If You Want to Write by Brenda Ueland

xi – … and finally that Great Murderer of the Imagination – a world of unceasing, unkind, dinky, prissy Criticalness.

11 – Blake used to say, when his energies were diverted from his drawing or writing, “that he was being devoured by jackals and hyenas.”

12 – (William Blake) “I should be sorry if I had any earthly fame, for whatever natural glory a man has is so much detracted from his spiritual glory. I wish to do nothing for profit. I wish to live for art. I want nothing whatever. I am quite happy.”

13 – (William Blake) “Sooner strangle an infant in its cradle than nurse unacted desires.”

19 – But the moment I read Van Gogh’s letter I knew what art was, and the creative impulse. It is a feeling of love and enthusiasm for something, and in a direct, simple, passionate and true way, you try to show this beauty in things to others, by drawing it.

22 – (Van Gogh) “In a few years I must finish a certain work. I need not hurry myself; there is no good in that—but I must work on in full calmness and serenity, as regular and concentratedly as possible, as briefly and concisely as possible.”

22 – (Van Gogh) “The world only concerns me in so far as I feel a certain debt and duty towards it and out of gratitude want to leave some souvenir in the shape of drawings or pictures,—not made to please a certain tendency in art, but to express sincere human feeling.”

25 – … I try not to rail against what I have not experienced myself.

25 – … writing is not a performance but a generosity.

30 – So they (the great artists) dare to be idle, i.e., not to be pressed and duty-driven all the time. They dare to love people even when they are very bad, and they dare not to try and dominate others to show them what they must do for their own good.
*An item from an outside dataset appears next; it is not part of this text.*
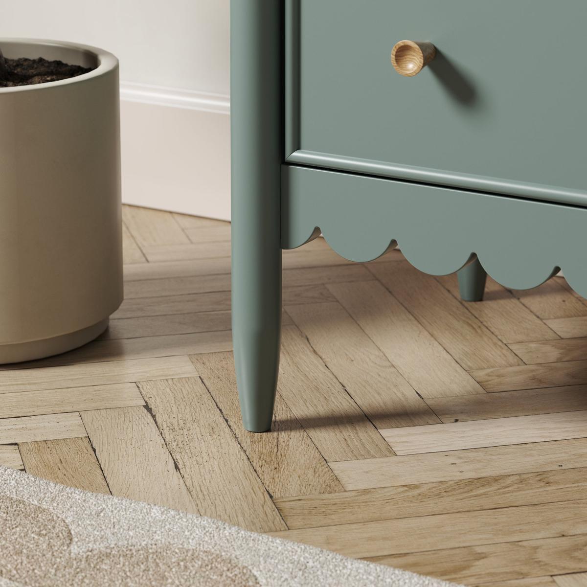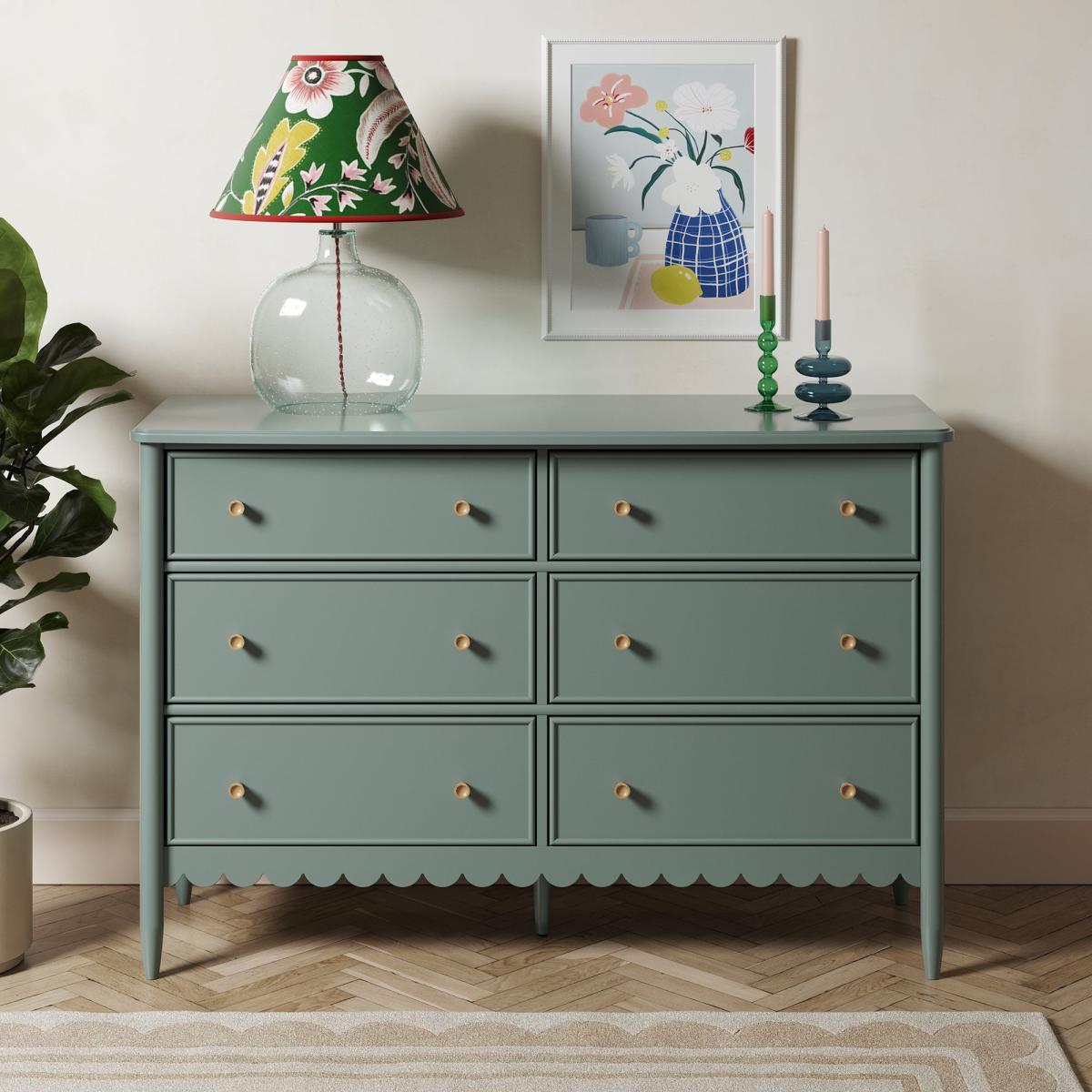 Organise your essentials with ease, from clothing and linens to accessories and personal items, keeping your space tidy and clutter-free. Equipped with six large soft-close drawers, this chest offers ample storage for your belongings. The soft-close mechanism ensures quiet and effortless operation, preventing any jarring noises or accidental slams. With its rounded edges and scallop apron, this chest of drawers adds a graceful flair to any room. The gentle curves create a sense of harmony and balance, while the lily pad green colour palette brings a refreshing and nature-inspired ambiance to your living space. The generously sized table top provides an excellent display area for showcasing your favourite ornaments, cherished photographs, or a bouquet of vibrant flowers. The sturdy construction guarantees long-lasting use, making it a reliable companion for years to come.

For great and creative men know what is best for every man is his own freedom so that his imagination… can grow in its own way, even if that way, to you or to me, or to policemen or churchgoers, seems very bad indeed.
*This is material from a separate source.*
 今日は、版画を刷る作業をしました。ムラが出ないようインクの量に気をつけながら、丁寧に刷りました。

103 – In writing one must be bold, free and truthful. Being truthful keeps one from the boldness that means showing off…

112 – And do not try to be consistent, for what is true to you today may not be true at all tomorrow, because you see a better truth.

113 – Perhaps that is why the Russians translate so well, because the important thing to them is what they felt, saw and thought. Life is more important to them than literature.

124 – For in fiction, Chekov said, you can pose a question… but you must not answer it. As soon as you answer it the readers know you are lying, i.e., forcing your characters to prove something.

126 – (Chekov) Out of respect for other people’s ears they are often silent.

135 – (Chekov) “For a lie is even more annoying in a story than conversation.”

136 – If you can at last see it clearly the writing is easy.

156 – And so try this yourself when you write an article. Do not worry about the whole. Write what is next, the idea that comes now at the moment. Don’t be afraid. For there will be more coherence and arrangement in your thoughts than you think.

158 – But this is the point: everybody in the world has the same conviction of inner importance, fire, of the god within. The tragedy is that either they stifle their fire by not believing in it and using it; or they try to prove to the world and themselves that they have it, not inwardly and greatly, but externally and egotistically, by some second-rate thing like money or power or more publicity.

Therefore all should work. First because it is impossible that you have no creative gift. Second: the only way to make it live and increase is to use it. Third: you cannot be sure that it is not a great gift.

175 – Later if you find what wrote isn’t true, accept the new truth. Consistency is the horror of the world.